> **AVAILABLE DATA**:

# # # # #

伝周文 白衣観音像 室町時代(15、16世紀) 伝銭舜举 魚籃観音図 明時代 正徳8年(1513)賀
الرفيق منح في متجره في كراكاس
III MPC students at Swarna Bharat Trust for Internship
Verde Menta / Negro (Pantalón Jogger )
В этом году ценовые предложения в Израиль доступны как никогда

# # # # #

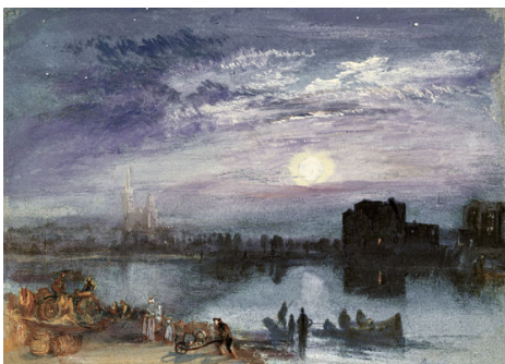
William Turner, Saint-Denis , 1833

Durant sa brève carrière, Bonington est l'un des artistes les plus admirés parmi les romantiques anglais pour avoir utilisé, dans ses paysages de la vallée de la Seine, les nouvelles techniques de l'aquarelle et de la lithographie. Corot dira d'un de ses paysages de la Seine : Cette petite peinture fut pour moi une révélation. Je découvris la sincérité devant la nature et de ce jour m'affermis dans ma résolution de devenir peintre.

# # # # #

> **TASK ITEM**:
Please return only the lines above, starting at the line that has "Verde Menta / Negro (Pantalón Jogger )" and ending at the line that has "В этом году", keeping both and leaving each one unchanged.

> **RESULT OF THIS TASK**:
Verde Menta / Negro (Pantalón Jogger )
В этом году ценовые предложения в Израиль доступны как никогда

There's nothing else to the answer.